Task instructions: Please return the full listing word for word, leaving out any pictures.

Given data:
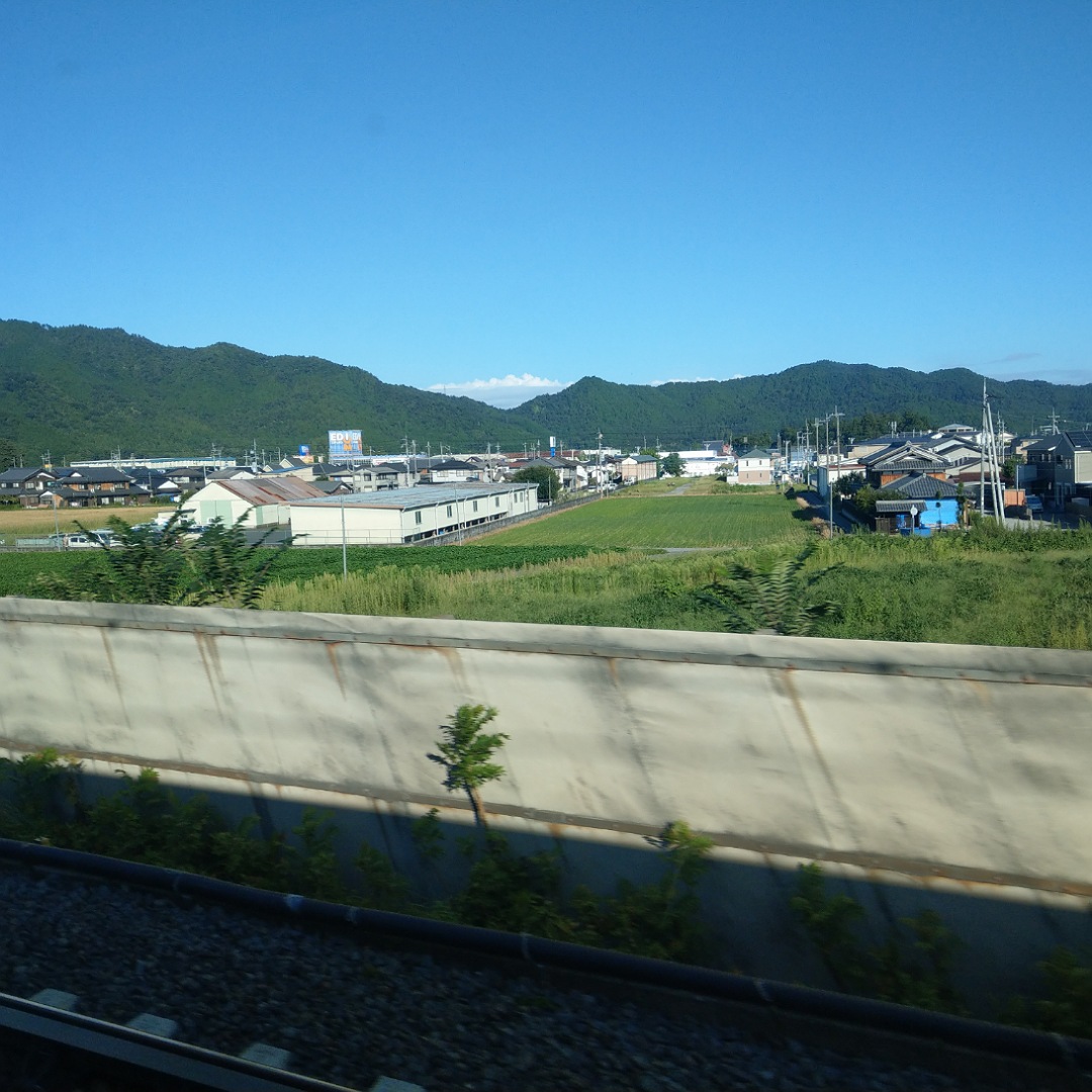 チラリとですが写真奥に琵琶湖が...東海道本線からは見えない琵琶湖ですが、新幹線はやはり高い所を走ってるんですねぇ...
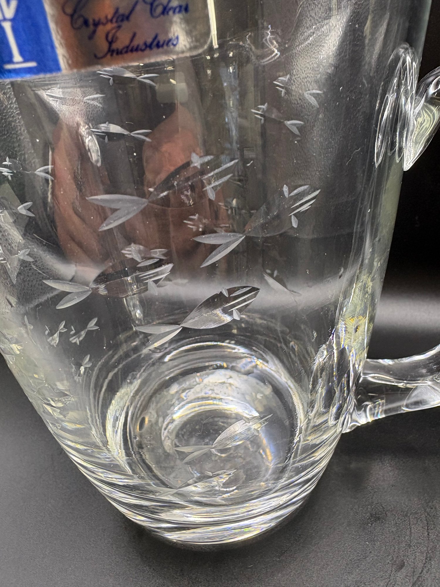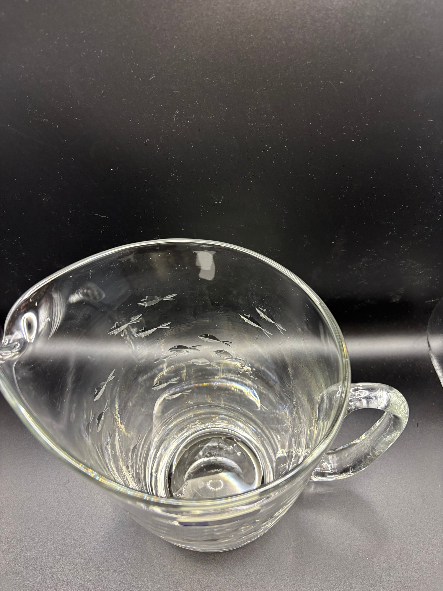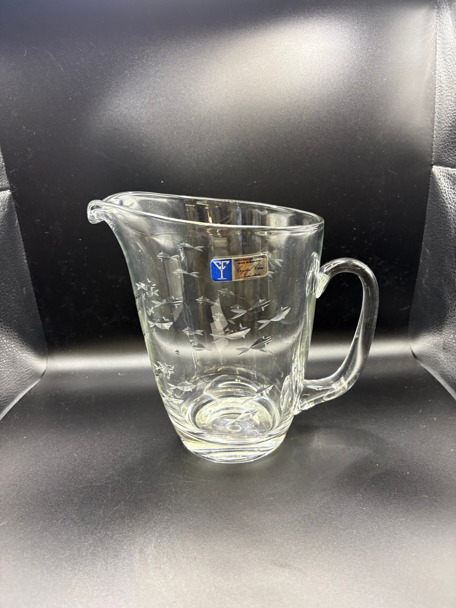 Crystal Clear Industries crystal glass, featuring various etched designs like fish or clusters. 8 by 10 in to handle
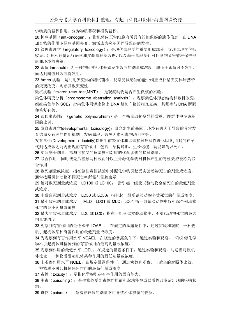 毒理学基础-名解、大体部分重点总结猴哥6个月前发布关注私信30KB5页08563毒理学基础-名解、大体部分重点总结此内容为免费资源,请登录后查看¥0 登录查看免费资源 第1页 / 共5页 第2页 / 共5页 第3页 / 共5页 该文档为免费文档,您可直接下载完整版进行阅读 © 版权声明文章版权归作者所有,未经允许请勿转载。THE END期末复习 喜欢就支持一下吧点赞63赞赏 分享QQ空间微博QQ好友海报分享复制链接收藏

Written solution:
 チラリとですが写真奥に琵琶湖が...東海道本線からは見えない琵琶湖ですが、新幹線はやはり高い所を走ってるんですねぇ...
 Crystal Clear Industries crystal glass, featuring various etched designs like fish or clusters. 8 by 10 in to handle
 毒理学基础-名解、大体部分重点总结猴哥6个月前发布关注私信30KB5页08563毒理学基础-名解、大体部分重点总结此内容为免费资源,请登录后查看¥0 登录查看免费资源 第1页 / 共5页 第2页 / 共5页 第3页 / 共5页 该文档为免费文档,您可直接下载完整版进行阅读 © 版权声明文章版权归作者所有,未经允许请勿转载。THE END期末复习 喜欢就支持一下吧点赞63赞赏 分享QQ空间微博QQ好友海报分享复制链接收藏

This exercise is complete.